A autorização para o funcionamento do comércio no dia 20 de novembro, data nacional da Consciência Negra, reacende um debate que o Brasil insiste em adiar: qual é o compromisso real das instituições com a luta contra o racismo estrutural. O feriado, instituído para lembrar Zumbi dos Palmares e reconhecer a resistência do povo negro, não é apenas um marco no calendário, mas um instrumento de memória e reparação. Nesse contexto, transformar esse dia em rotina comercial revela uma contradição que precisa ser analisada com seriedade.
O argumento utilizado pelos setores empresariais costuma girar em torno da manutenção de empregos, da necessidade de manter o fluxo econômico e de benefícios pontuais aos trabalhadores. No entanto, esse discurso perde força quando confrontado com a composição da mão de obra que sustenta o comércio brasileiro. Dados de institutos de pesquisa mostram que pessoas negras são maioria nos cargos de menor remuneração, nas jornadas mais longas e nas funções que envolvem esforço físico contínuo. São elas que, na prática, ocupam os postos que obrigatoriamente precisam estar ativos quando as portas das lojas se abrem durante os feriados.
É justamente essa contradição que faz do 20 de novembro um dia sensível. O país que atua comercialmente como se fosse uma data comum é o mesmo que reconhece oficialmente a existência de desigualdades profundas e históricas. A abertura das lojas nesse dia aponta para um conflito entre narrativa e prática, entre o discurso de respeito e a manutenção de estruturas que naturalizam a hierarquia social baseada em cor e classe.
O debate não é moralista nem ideológico. Ele envolve um fato objetivo: feriados possuem finalidade social. São momentos destinados à reflexão coletiva e ao reconhecimento de valores históricos. O 7 de Setembro relembra a independência política. O 12 de Outubro é dedicado a tradições religiosas. O 1º de Janeiro marca transições institucionais. O 20 de novembro, por sua vez, deveria representar um compromisso do país com a igualdade racial. Permitir que essa data seja absorvida pela lógica do faturamento corrói o propósito do feriado e mantém invisível justamente a população cuja memória se celebra.
Trabalhadores do comércio ouvidos pela reportagem relatam desconforto, mas nenhum deles aceitou se identificar, o que demonstra o grau de vulnerabilidade que ainda marca a categoria. O receio fala por si: em um setor que emprega majoritariamente trabalhadores negros, contestar a abertura no dia da Consciência Negra não é apenas uma crítica, mas um risco.
A discussão ultrapassa fronteiras municipais e aponta para uma questão estrutural. Quando um feriado voltado à reparação é tratado como uma data qualquer de consumo, a mensagem transmitida é clara.

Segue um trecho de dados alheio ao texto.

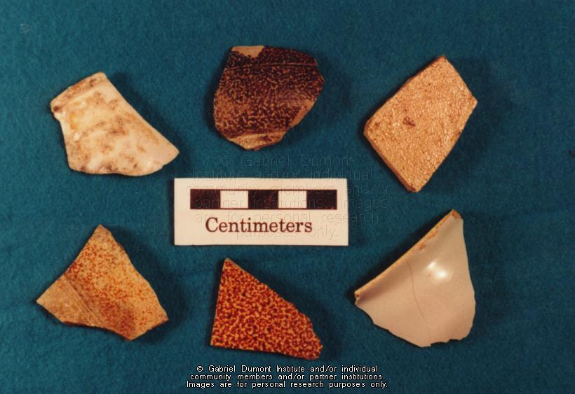 | Description: | Photograph of various plate fragments found during a Cumberland House, Saskatchewan archaeological dig. |

O país reconhece sua dívida histórica, mas hesita em conceder um único dia para que sua população reflita sobre ela. A decisão de abrir as portas acaba se tornando um símbolo. Não pela atividade comercial em si, mas pelo que ela representa na luta por igualdade.
Em um cenário de desigualdades persistentes, é legítimo perguntar: que memória se honra quando o feriado perde seu sentido? E o que diz sobre o país o fato de que mesmo uma pausa simbólica encontra resistência quando o lucro está em jogo?
Nota da associação Alforria
“Vimos por meio desta,manifestar nosso repúdio a decisão de abertura do comércio de Conselheiro Lafaiete no feriado do dia 20 de novembro, data que se celebra o dia da Consciência Negra,um marco fundamental na luta contra o racismo,na valorização da cultura afro brasileira e na memória e resistência do povo negro.
Permitir o funcionamento comercial neste dia significa desconsiderar o simbolismo histórico e social da data, além de ignorar a importância do respeito aos direitos dos trabalhadores e trabalhadoras que deveriam ter garantido o descanso e a possibilidade de participação em atividades culturais,educativas e de conscientização.
Reforçamos que dia 20 de novembro não é um feriado comum: é um momento de reflexão nacional sobre desigualdades que ainda persistem e sobre a necessidade continua de combate ao racismo estrutural. A sua banalização,por meio da abertura comercial, representa um retrocesso social e um desrespeito à memória de todas e todos que lutam pela igualdade racial”.